The army was growing. Their army. His army.
He closed his eyes and connected to each of the lockets simultaneously. It was an easy task, but one that needed concentration nevertheless. Alerts were set up for signs that they had become compromised: taken to the authority, for instance, or the words; Hey, look what this thing does. Keywords that flagged up the possibility that the locket was falling into the wrong hands.
“So then, has anyone pressed the button?” A small hologram appeared whenever the locket was first opened, tailored to each provider, with a message of resistance. Often, they were opened in view of a camera, so Calix could watch for a reaction. Failing that, they had built-in microphones. If at any point it looked as though a dead horse was being flogged, he activated the self-destruct. Otherwise, he instructed them to press the button inside the lid and await further instructions, keeping the locket on them at all time. After a period of covert tapping to determine the target’s true intentions, they were tested. What the test was changed from situation to situation; perhaps something simple like drugging a guard to allow access to an off-limits area; perhaps even simpler, leaving a door unlocked. Whatever it was, should they pass, they were added to the ranks of infiltrators and informers.
There was one extra blinking red light this morning. A man named Henry Reed, with a wife and son – be careful
– who worked as a guard on the frontline for the riot division. One of Nash’s.

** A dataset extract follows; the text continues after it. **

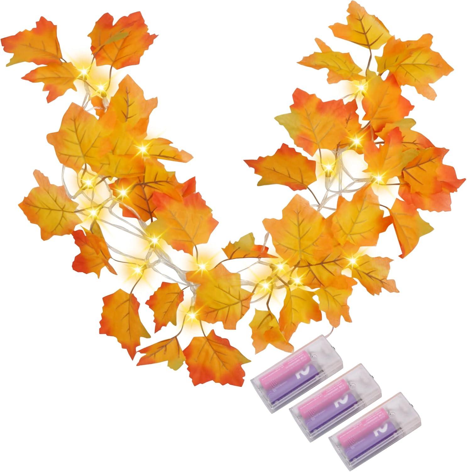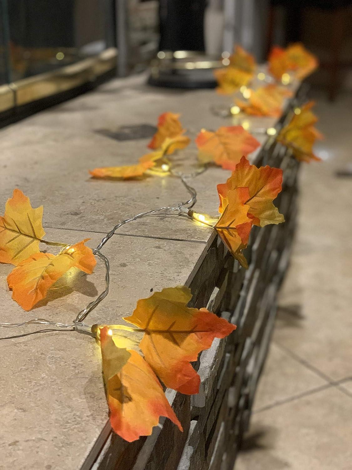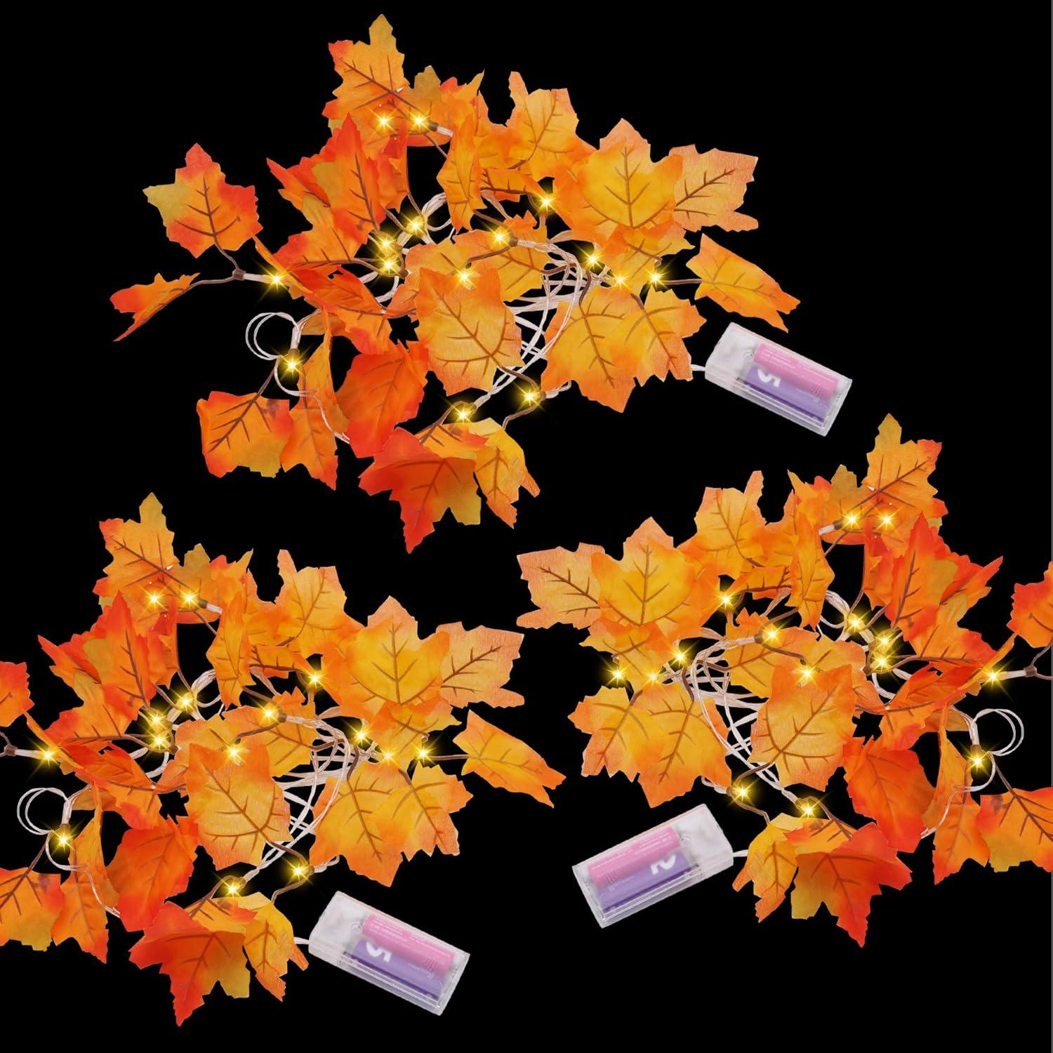 VALUE SET: This fall outdoor decoration set includes 3 pieces of 8.2 ft Fall Maple Leaf Garland. Each maple leaf string light with 20 LED warm white lights. (2 AA Batteries Required, Not Included)

Temperamental yet resourceful, she’d made more physical headway than any of the others; quicker to march and with a will that had drawn passersby to their cause as they forced their way down avenue after avenue, early blockade attempts had been thwarted until the authority retreated so far they had the time to erect a wall. Nash had even been surrounded at one point, but the authority numbers to the rear and sides quickly dissipated under Molotov attack, and sheer numbers. The rear vanguard retreated, while the side forces set up an effective defence, if not to the same scale as the main defence. Nash’s team was only interested in forging forwards, not sideways, though perhaps it was time for a new direction.
Calix turned the map to overhead. He’d never thought of himself as a General, or anything remotely similar, and in truth he didn’t push his sway too much. Better to let them get on with it, better to let it play out naturally – they still lived in that world and so were better positioned to make the right calls and decision; they had their own motivations which made them unpredictable. It was part of human nature. If they were unpredictable to him, then they were too the authority too.
It was all distraction, anyway, from the bigger picture. A delaying tactic.
Nash’s avenue glowed green, punching towards the centre of Neon; a needle puncturing a mass of red on the other sides. Retreat towards the edge and it all became normal again. This was a fluid arrangement, dependent on the attack. All across the city were similar patterns, though none so deep. Perhaps in time he would get them to pool their resources for one concerted attack. The current setup was fine, though.
This Calix existed at 1x speed of time. And somewhere, Annora did too. They roamed the city as a simulacrum of the real thing, where virtual AI posers existed only when necessary, or needed, to feel less alone. It would run for as long as it was needed and then be destroyed. It was important that some small part of them could react in real-time.